What you are asked to do
Should the listing contain images, exclude them; give the rest again exactly.

-------- The data

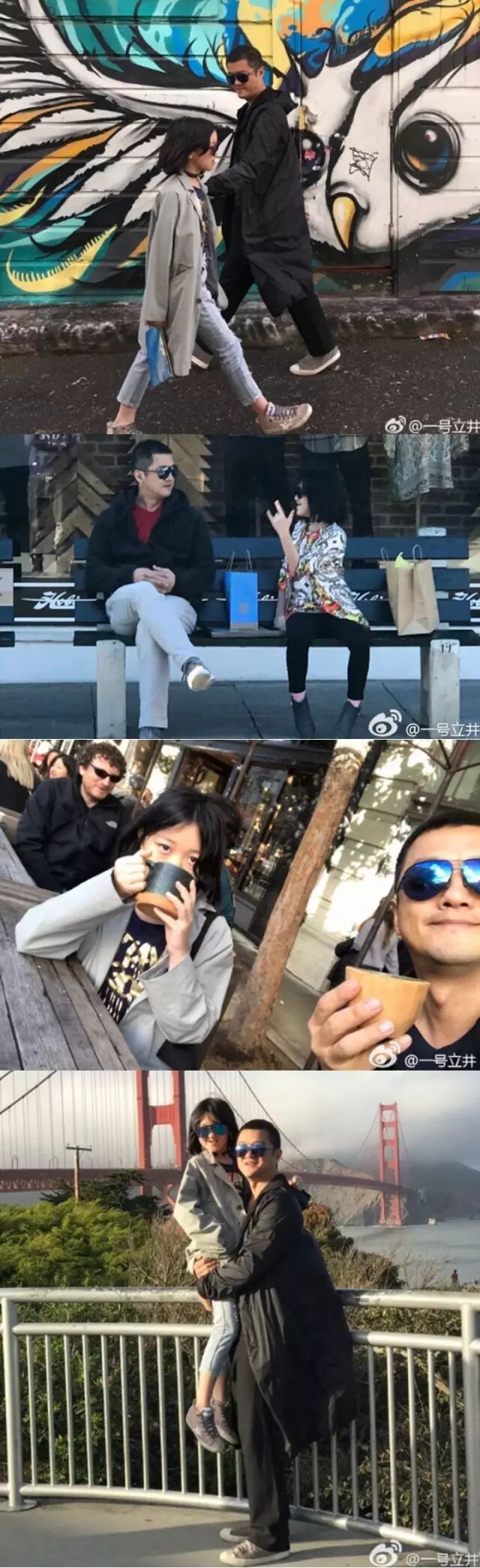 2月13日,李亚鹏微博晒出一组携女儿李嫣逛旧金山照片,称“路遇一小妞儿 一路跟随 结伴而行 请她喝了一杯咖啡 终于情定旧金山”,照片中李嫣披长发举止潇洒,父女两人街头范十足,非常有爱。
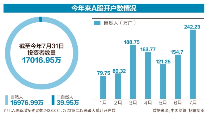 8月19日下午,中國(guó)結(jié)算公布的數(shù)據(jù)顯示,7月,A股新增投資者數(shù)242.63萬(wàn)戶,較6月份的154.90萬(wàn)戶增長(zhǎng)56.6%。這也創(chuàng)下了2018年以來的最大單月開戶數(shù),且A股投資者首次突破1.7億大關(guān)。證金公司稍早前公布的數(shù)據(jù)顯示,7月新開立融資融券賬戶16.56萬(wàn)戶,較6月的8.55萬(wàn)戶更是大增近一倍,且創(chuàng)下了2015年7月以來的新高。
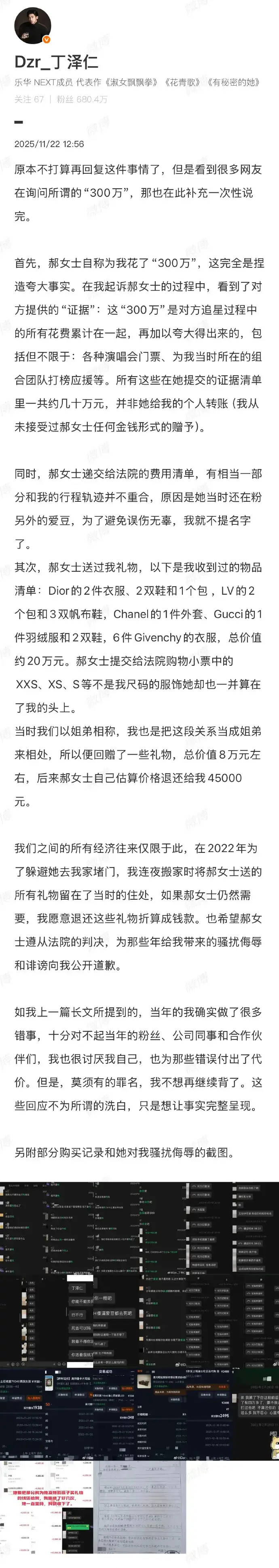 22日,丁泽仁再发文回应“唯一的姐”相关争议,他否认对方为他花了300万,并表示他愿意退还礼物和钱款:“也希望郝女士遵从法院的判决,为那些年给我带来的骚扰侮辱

----------------

Result
 2月13日,李亚鹏微博晒出一组携女儿李嫣逛旧金山照片,称“路遇一小妞儿 一路跟随 结伴而行 请她喝了一杯咖啡 终于情定旧金山”,照片中李嫣披长发举止潇洒,父女两人街头范十足,非常有爱。
 8月19日下午,中國(guó)結(jié)算公布的數(shù)據(jù)顯示,7月,A股新增投資者數(shù)242.63萬(wàn)戶,較6月份的154.90萬(wàn)戶增長(zhǎng)56.6%。這也創(chuàng)下了2018年以來的最大單月開戶數(shù),且A股投資者首次突破1.7億大關(guān)。證金公司稍早前公布的數(shù)據(jù)顯示,7月新開立融資融券賬戶16.56萬(wàn)戶,較6月的8.55萬(wàn)戶更是大增近一倍,且創(chuàng)下了2015年7月以來的新高。
 22日,丁泽仁再发文回应“唯一的姐”相关争议,他否认对方为他花了300万,并表示他愿意退还礼物和钱款:“也希望郝女士遵从法院的判决,为那些年给我带来的骚扰侮辱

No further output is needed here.